Neil gives voice to Russian dictator Vladimir Putin malevolently reflecting on the usefulness, in the wake of his war on Ukraine, of Stalin's memory as well as on his own personal and international ambitions.
33. Where the Streets Have No Name (I Can't Take My Eyes Off You)
Although it wasn't a PSB original and wasn't written by the Boys—its composers instead being Bob Gaudio and Bob Crewe—the melody and chord progression of "Can't Take My Eyes Off You" (its original title, without the "I") bear a pronounced similarity to the introductory theme of Adagio of Spartacus and Phrygia from the 1954 ballet Spartacus by Aram Khachaturian. A Soviet Armenian composer, Khachaturian wasn't strictly "Russian," but he lived for most of his life in Moscow, capital of the Russian-dominated Soviet Union, and came to be regarded as one of the nation's leading composers.
34. Dancing Star
This song was inspired by the real-life story of Rudolf Nureyev, the internationally acclaimed ballet star who famously defected from the Soviet Union in 1961. Although Nureyev was of Tatar descent and therefore not ethnically Russian, he was born in the Russian Siberian region of Irkutsk. And, of course, the Soviet Union was thoroughly dominated by Russia and Russians.

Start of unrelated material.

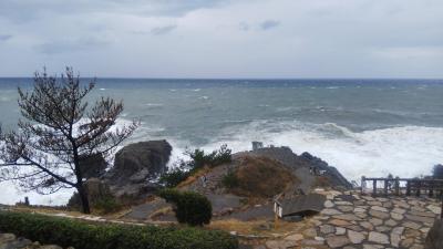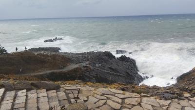 意外だったのは、ドラマ中で犯人は断崖の上に追い詰められていくのですが、その断崖までにかなりの距離があったこと。土産物屋さん、飲食店街の方が高い位置にあり、そこから坂道を下った場所が東尋坊の入口です。石の柵が設けられ、断崖にはそこからさらに下ります。最も高い場所で高さ25メートルの崖ですが、正直、上から下ってきたのでそれほど高さを感じませんでした。前述の通り吹き飛ばされそうな雨風のため岩場に降りるのも諦めたので、遠く柵の内側からのみの観光となりました。実際に岩場に立っていれば迫力あったと思います。ただ波の激しさは十分感じました

35+ Battleship Potemkin (including 15 new songs and instrumentals)
Certainly we can't overlook the Pet Shop Boys' electronic/orchestral score for the 1925 silent film classic Battleship Potemkin, directed by the Latvian-Russian screenwriter and director Sergei Eisenstein. They debuted it at a live performance on September 12, 2004, during a showing of the film at London's Trafalgar Square, and the studio recording was released about a year later. The score is primarily instrumental but includes several new songs with Neil's vocals: "Our Daily Bread," "No Time for Tears," "After All," and "For Freedom." Battleship Potemkin concerns a 1904 revolt by Russian sailorsan event generally acknowledged as having foreshadowed the Russian Revolution more than a decade later. So if we count all 15 of the separately demarcated tracks in the score, that brings the total of PSB songs with "Russian connections" to 44!

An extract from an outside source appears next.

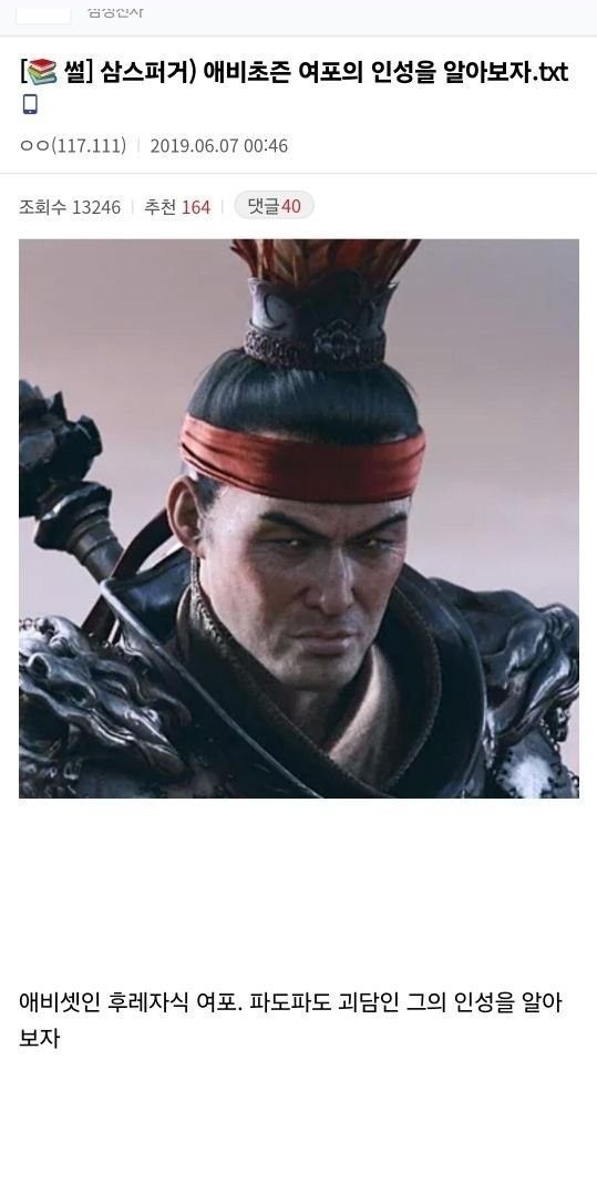 삼스퍼거)애.비.초.즌 여포의 인성질을 알아보자⋯

Plus one possible unconscious connection—
- Memory of the Future
Neil has stated that he was not consciously drawing upon the title of Russian author Sigizmund Krzhizhanovsky’s short story collection Memories of the Future, written in the 1920s but not published until 2009—after the collapse of Soviet communism and more than fifty years after the writer's death—on account of its highly subversive nature. But Neil admits that he may possibly have seen or read about the book at some point and that its title may have lodged in his subconscious, eventually emerging in song.
Note: One might think that I could point out a similar Russian connection with Chris and Neil's 2011 ballet The Most Incredible Thing considering that it was instigated by a request from dancer Ivan Putrov. But Putrov is not Russian; rather, he's Ukrainian. He was born and raised in Kyiv (the capital of Ukraine) and danced with the National Ballet of Ukraine (better known at the time as the Kiev Ballet) before joining The Royal Ballet in London. Some critics have also cited certain Russian (specifically Soviet-era) stylistic influences in the staging of the Boys' ballet, but those are tenuous enough that I'm just not going to count them here.